Под стать ему блистали и другие актеры иркутской труппы. Стоит вспомнить первое представление комедии А. Н. Островского «Не в свои сани не садись», в которой артист Львов играл роль старика Русанова не хуже, чем столичные актеры. В этой роли его сравнивали с артистом мос­ковского Малого театра Садовским. Артист опытный, первоклассный, он мастерски воплощал характер Русанова. Это был почтенный русский ку­пец, чувствующий свое достоинство и богатство, нежный отец единствен­ной дочери и самовластный хозяин. «Пока действие шло на простых обык­новенных чувствах, голос Львова звучал, выражал силу воли и разумного убеждения, но когда представала перед ним виноватая дочь... не было вос­клицаний, даже повышения голоса, он отверг ее тихо, непреклонно: глу­бокое отречение таково и в природе... Роль Русанова артист Львов передал глубоко, верно, без всяких порывистых движений и усилий», – писала об его игре «Северная пчела».

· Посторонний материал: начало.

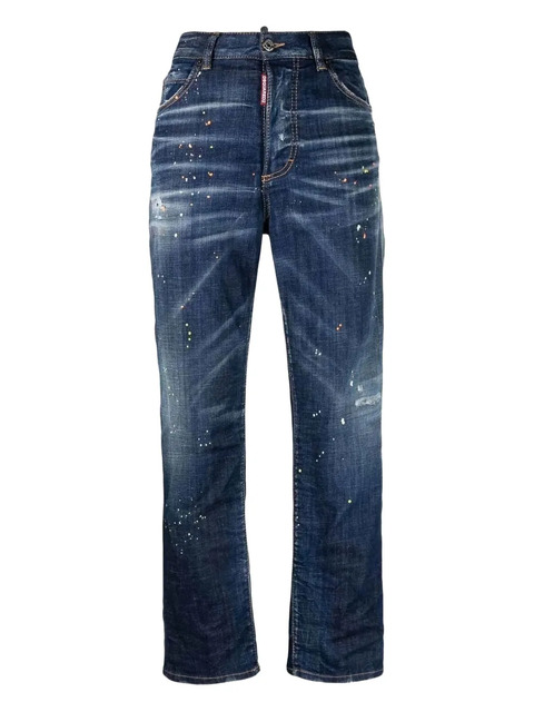 navy blue cotton blend distressed effect paint splatter detailing five pockets belt loops
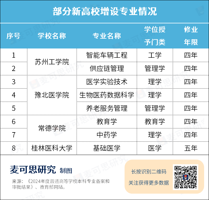 此外,对照教育部网站发布全国普通高等学校名单(截至2024年6月20日),我们注意到共有苏州工学院、豫北医学院、常德学院、桂林医科大学等4所新高校,审批通过增设8个新专业。
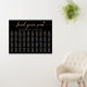 Faux Gold Glitter Calligraphy Seating Find Your Seat people for 320-400 guests (8-10 people at one table). An elegant design in gold and black or any background color you choose. Just click the customize further link, shown under the text personalization area on the right, and choose your custom color background. This sign poster template makes it fast and easy to create stunning additions to your wedding décor. Signs can be decreased, there are many sizes to choose from, as well as options for custom framing and matting.
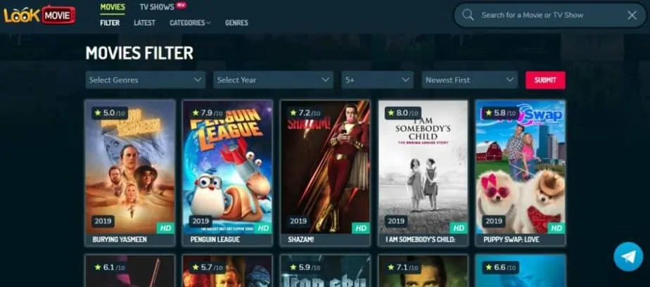 LookMoive offer you an attractive design with the slider of the latest movies; Its homepage is very clear and user-friendly. You get some details of the movie after clicking on its thumbnail, i.e. Release Year, Rating, Genre, and Duration; Movies are in the HD and LQ quality.
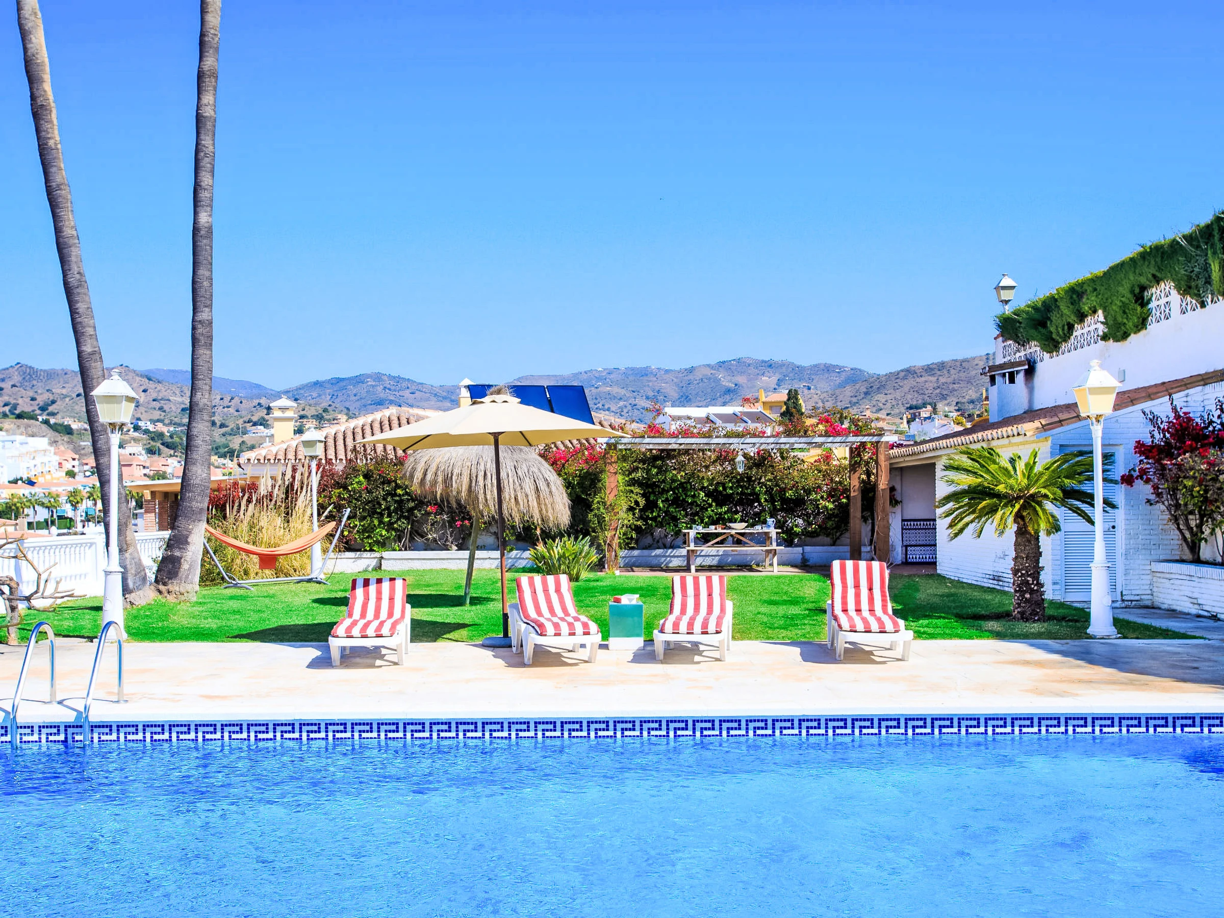 Rincón de la Victoria: Schöne, gemütliche, komfortable Villa "Villa Tulipán". Im Ort, 700 m vom Zentrum von Rincón de la Victoria, ruhige, sonnige Lage am Hang, 700 m vom Meer. Zur Alleinbenutzung: Garten 900 m2 mit Rasen 700 m2, Schwimmbad eckig (10 x 5 m, saisonale Verfügbarkeit: [hidden] - [hidden] WC im Poolbereich, Laube (30 m2), Terrasse (20 m2), Gartenmöbel, Grill, Poolpflege durch den Besitzer/Gärtner. Im Hause: Wireless LAN, Klimaanlage, Waschmaschine. Zufahrt bis zum Haus. Treppenweg (15 Stufen) bis zum Haus. Öffentliche Parkplätze auf der Strasse. Supermarkt 300 m, Einkaufszentrum 3 km, Restaurant 600 m, Bushaltestelle 350 m, Sandstrand "walking distance" 750 m. Golfplatz (18 Loch) 2.8 km. Bitte beachten: Babyausstattung auf Anfrage (extra). Jugendgruppen nur auf Anfrage. Der Besitzer akzeptiert keine Jugendgruppen. Nacht Club/Disco 1 km vom Haus. Flugplatz 34 km vom Haus. Ruhige Wohngegend.

Роль дочери Русанова исполнила юная Дарья Рассказова. «Сколько не­поддельного чувства было в голосе влюбленной купеческой дочки. Как пре­красно переданы были и беззаветная любовь, и пораженная надежда, и страшное изумление, и ужас девичьего стыда, и страх отцовского проклятья».

В других рецензиях отмечалось также хорошее исполнение Рассказо­вой роли Офелии в шекспировском «Гамлете», но все-таки лучшая ее роль была в оперетте «Дочь второго полка» Ж. Баяра. Прекрасный чистый го­лос, приятная внешность и непринужденность игры заслужили ей общую любовь и уважение.

Известно, что в старом театре артисты работали в определенном амп­луа, в зависимости от способностей и индивидуальных данных. Из них ан­трепренер затем формировал труппу. Актеры в большинстве своем наигры­вали собственный репертуар, часто имели и костюмы под свои роли. Ре­жиссеру только оставалось соединить их в той или иной пьесе да изгото­вить декорации. Иногда артисты сами объединялись в «товарищества», из своей среды выбирали старшего, который вел все финансовые дела. Зара­ботанные средства делили по степени участия каждого в спектаклях. Не­редко они были равными.

И Маркевич, и Рассказов, подбирая актеров в свою труппу, конечно, учитывали их амплуа. Кроме Львова, который исполнял роли благородных отцов и молодых людей, в труппе Рассказова служил артист Павлов, играв­ший комических и старых волокит, – актер добросовестный, без всяких балаганных выходок и грубых фарсов. Артист Гудков давно освоил амплуа комических и фарсовых персонажей, обладал приятным голосом, но, к со­жалению, отличался плохой памятью. Роли дряхлых стариков, лакеев, ре­зонеров весьма хорошо удавались артисту Скворцову. Молодых девушек – субреток и горничных – играла Николаева. Признавая ее несомненное ар­тистическое дарование, отмечали вместе с тем ее некоторую резкую угло­ватость движений по сцене, скороговорку в произношении, порой не­оправданную смешливость. Но все это было легко поправимо.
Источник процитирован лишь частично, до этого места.